Origin Ensemble PET Reconstruction

10 minute read

Published:

The origin ensemble (OE) algorithm is a novel statistical method for MMSE reconstruction of emission tomography data. This method allows one to perform reconstruction entirely in the image domain, i.e. without the use of forward and backprojection operations.

PET Imaging Principle

Formulation

MMSE PET reconstruction

MMSE = Minimum-mean-square-error

PET imaging can be described as $I\times J$ Poisson variables $\mathbf{n}={n_{ij}}$ with expected value ${\lambda_{ij}}$

  • $n_{ij}$ represents the number of annihilation events from voxel $i\in {1, \dots, I}$ detected by detector pair $j\in {1, \dots, J}$, which is unobservable
  • The set composed of all the voxels is called image domain
  • The set consisting all the detector pairs is called projection domain

The statistical relationship between the two domains is usually described by a system matrix ${\alpha_{ij}}$

  • Element $\alpha_{ij}$ is the probability that event in voxel $i$ is detected by detector pair $j$
  • Here the system matrix is supposed to be obtained from scanner geometry, and contains object-specific attenuation information already

In sum, the probability $\epsilon_i$ that the whole scanner detects an event from voxel $i$ can be denoted as

\[\epsilon_i=\sum\limits_{j}\alpha_{ij}, \tag{1}\]

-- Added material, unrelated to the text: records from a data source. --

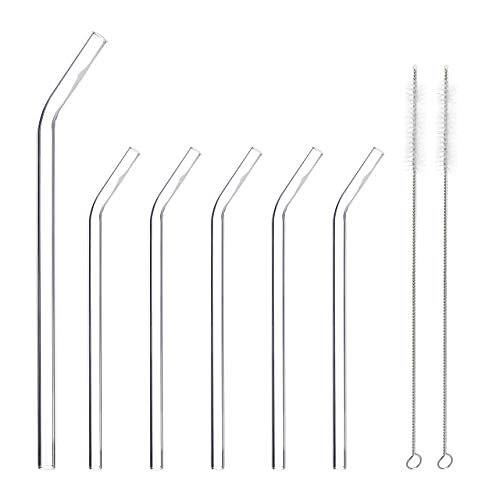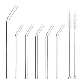 Relaxdays 10029999_1210 glas dryckessugrör set med 6, böjda, återanvändbara, rengöringsborste, 23 cm, hållbar, Ø 10 mm, genomskinlig, rostfr
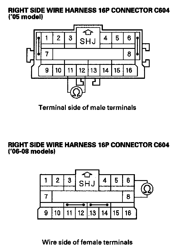 17. Measure the resistance between the No. 11 [No. 6] and No. 12 [No. 8] terminals of the right side wire harness 16P connector C604. There should be an open circuit or at least 1 Mohms.
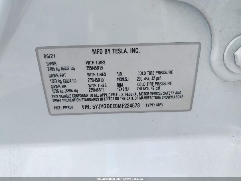 2021 TESLA MODEL Y | 5YJYGDEE0MF224578

which is also called the sensitivity of voxel $i$

Let $\mathbf{\lambda}={\lambda_i}$ be the unknown, discrete emission density in image domain, where $\lambda_i$ is the emission counts in voxel $i$.

  • Then the Poisson variable can be denoted as $\lambda_{ij}=\alpha_{ij}\lambda_{i}$

Considering the complete data $\mathbf{n}$, the likelihood for the estimation $\hat{\mathbf{\lambda}}={\hat{\lambda_i}}$ of emission density goes

\[\begin{aligned}\mathcal{L}(\hat{\lambda}|\mathbf{n})&=\mathcal{P}_{\hat{\lambda}}(\mathbf{n})=\prod\limits_{i, j}\frac{\hat{\lambda_{ij}}^{n_{ij}}}{n_{ij}!}e^{-\hat{\lambda_{ij}}}\\ \hat{\lambda_{ij}}&=\alpha_{ij}\hat{\lambda_i}\end{aligned}. \tag{2}\]

However, data acquired in real-world are usually incomplete, say $\mathbf{n}^{\ast}={n^{\ast}_j}$. We need to estimate emission density $\lambda$ from the incomplete data.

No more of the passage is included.